== The data ==

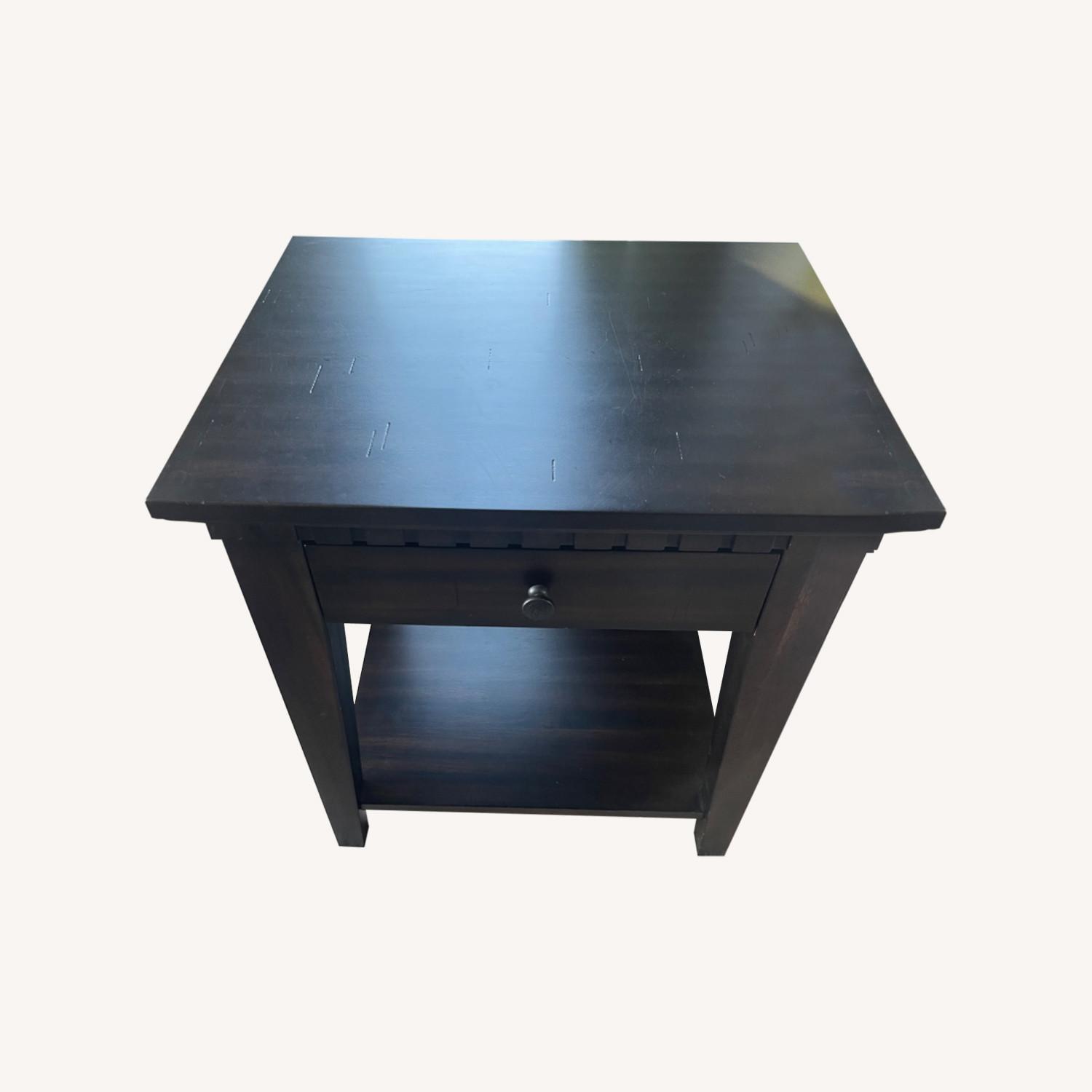 Seller's Notes:Purchases from American furniture warehouse as a matching set with the coffee table which is also for sale, gently used, minimal wear, each has one drawer
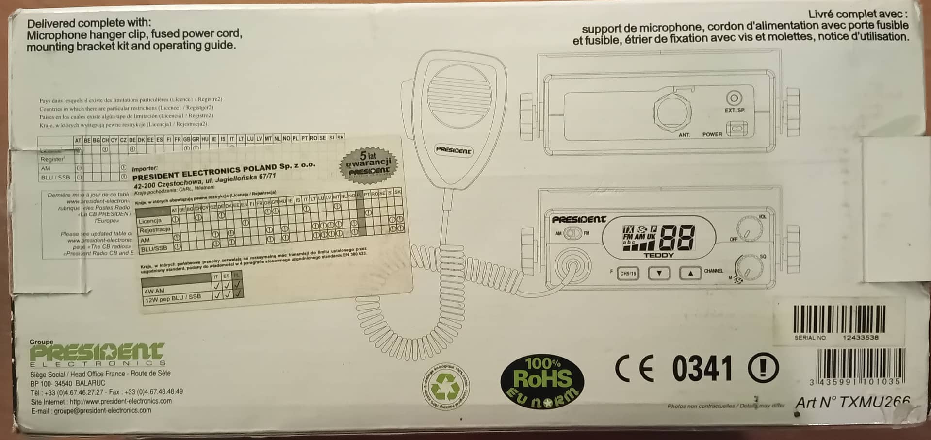 Sprzedam CB.Radio President Teddy z Anteną Sirio na magnes w zestawie sprzęt mało używany w 100% pr. Sprawny w zestawie pudełko papiery itp. Idealny na długie trasy do busa ciężarówki itp. Można pisać SMS w wolnej chwili oddzwonię, Cena. 220.zl .Odbiór. w Gryfów Śląski.
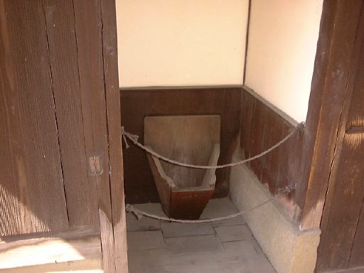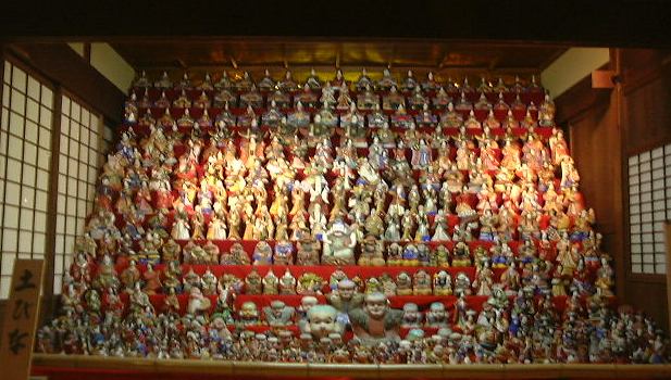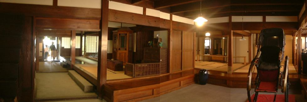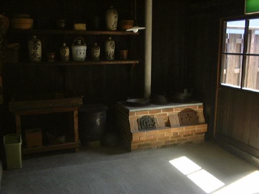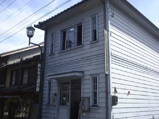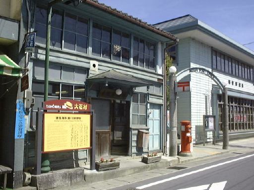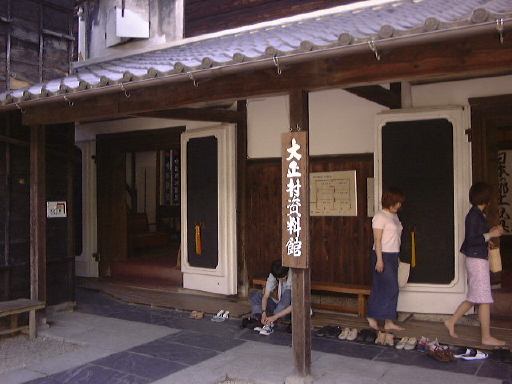 さあ、いよいよ後半戦突入です(まだ半分もあるのか!と嘆かないように)。とりあえずは村の南にあるおもちゃ資料館を目指して歩くことになりました。最初に渡った橋を渡り、再びガンガンに音楽を響かせている土産屋を過ぎて、十六銀行のある交差点を南に右折。その南北街道を南へ進んで行くと、左手に元郵便局の逓信資料館(隣には現在の郵便局)があります。中では郵便や通信に関わるものが展示されており、入館は無料です。展示スペースがワンフロアしかないので見学時間は短かめ。その逓信資料館の向かい側に、先ほど通り過ぎた大正村資料館があり、次はこの中に入って行くのだ、オーオー!(意味も無く気合いを入れてみました)。ここには銀行蔵と大正の館の二つの建物があって、まずは銀行蔵(奥に見える建物)に入ります。土足厳禁です(ちなみにTAKUさんの靴は脱ぎにくいのであった。>そんなことをばらさないように)。4階建ての建物ですが、展示室は1つの階に2室ずつの合計6室です。しかし全体は大きく北側と南側に別れていて、北側の1階から3階まで昇り、3階で南側へ移り1階まで降りるという見学順路になっています。このときの展示内容は、日本全国の土人形とか、数多くの古い蓄音機とか、昔の映画のポスタとか、昔の看板とか、あと古い楽器の類い(やけに足踏みオルガンが多い)などなど、大正時代のものに限らず様々な物が展示されていました。季節によって展示替えが行なわれるそうなので、何度来ても楽しめるかもしれません。個人的にはこの新聞記事を見れたことが嬉しいです(にこにこ)。そうそう、この銀行蔵には手動エレベータがあったらしく、その形跡が残っています(下から見上げたところ)。蔵から外に出て、靴を履き、今度は南隣にある大正の館(説明書き)に入って行きました、勝手口から。外には用を足すところがあります。館の中に入るとそこは台所になっていて、土間が東側の表の方まで続いています。建物の中は必要以上の照明はなく、空気もひんやりしていて実に居心地が良い空間です。一室には驚異的な数のひな人形が飾られています(少し無気味)。ずっと奥に入って表側の土間から見渡すとこんな感じ(つなげてポン)。外に出て表から見るとこんなたたずまいです。

===

• _Aim of the task_
Exclude the pictures. Write out the remaining data exactly.

• _Exercise answer_
 Seller's Notes:Purchases from American furniture warehouse as a matching set with the coffee table which is also for sale, gently used, minimal wear, each has one drawer
 Sprzedam CB.Radio President Teddy z Anteną Sirio na magnes w zestawie sprzęt mało używany w 100% pr. Sprawny w zestawie pudełko papiery itp. Idealny na długie trasy do busa ciężarówki itp. Można pisać SMS w wolnej chwili oddzwonię, Cena. 220.zl .Odbiór. w Gryfów Śląski.
 さあ、いよいよ後半戦突入です(まだ半分もあるのか!と嘆かないように)。とりあえずは村の南にあるおもちゃ資料館を目指して歩くことになりました。最初に渡った橋を渡り、再びガンガンに音楽を響かせている土産屋を過ぎて、十六銀行のある交差点を南に右折。その南北街道を南へ進んで行くと、左手に元郵便局の逓信資料館(隣には現在の郵便局)があります。中では郵便や通信に関わるものが展示されており、入館は無料です。展示スペースがワンフロアしかないので見学時間は短かめ。その逓信資料館の向かい側に、先ほど通り過ぎた大正村資料館があり、次はこの中に入って行くのだ、オーオー!(意味も無く気合いを入れてみました)。ここには銀行蔵と大正の館の二つの建物があって、まずは銀行蔵(奥に見える建物)に入ります。土足厳禁です(ちなみにTAKUさんの靴は脱ぎにくいのであった。>そんなことをばらさないように)。4階建ての建物ですが、展示室は1つの階に2室ずつの合計6室です。しかし全体は大きく北側と南側に別れていて、北側の1階から3階まで昇り、3階で南側へ移り1階まで降りるという見学順路になっています。このときの展示内容は、日本全国の土人形とか、数多くの古い蓄音機とか、昔の映画のポスタとか、昔の看板とか、あと古い楽器の類い(やけに足踏みオルガンが多い)などなど、大正時代のものに限らず様々な物が展示されていました。季節によって展示替えが行なわれるそうなので、何度来ても楽しめるかもしれません。個人的にはこの新聞記事を見れたことが嬉しいです(にこにこ)。そうそう、この銀行蔵には手動エレベータがあったらしく、その形跡が残っています(下から見上げたところ)。蔵から外に出て、靴を履き、今度は南隣にある大正の館(説明書き)に入って行きました、勝手口から。外には用を足すところがあります。館の中に入るとそこは台所になっていて、土間が東側の表の方まで続いています。建物の中は必要以上の照明はなく、空気もひんやりしていて実に居心地が良い空間です。一室には驚異的な数のひな人形が飾られています(少し無気味)。ずっと奥に入って表側の土間から見渡すとこんな感じ(つなげてポン)。外に出て表から見るとこんなたたずまいです。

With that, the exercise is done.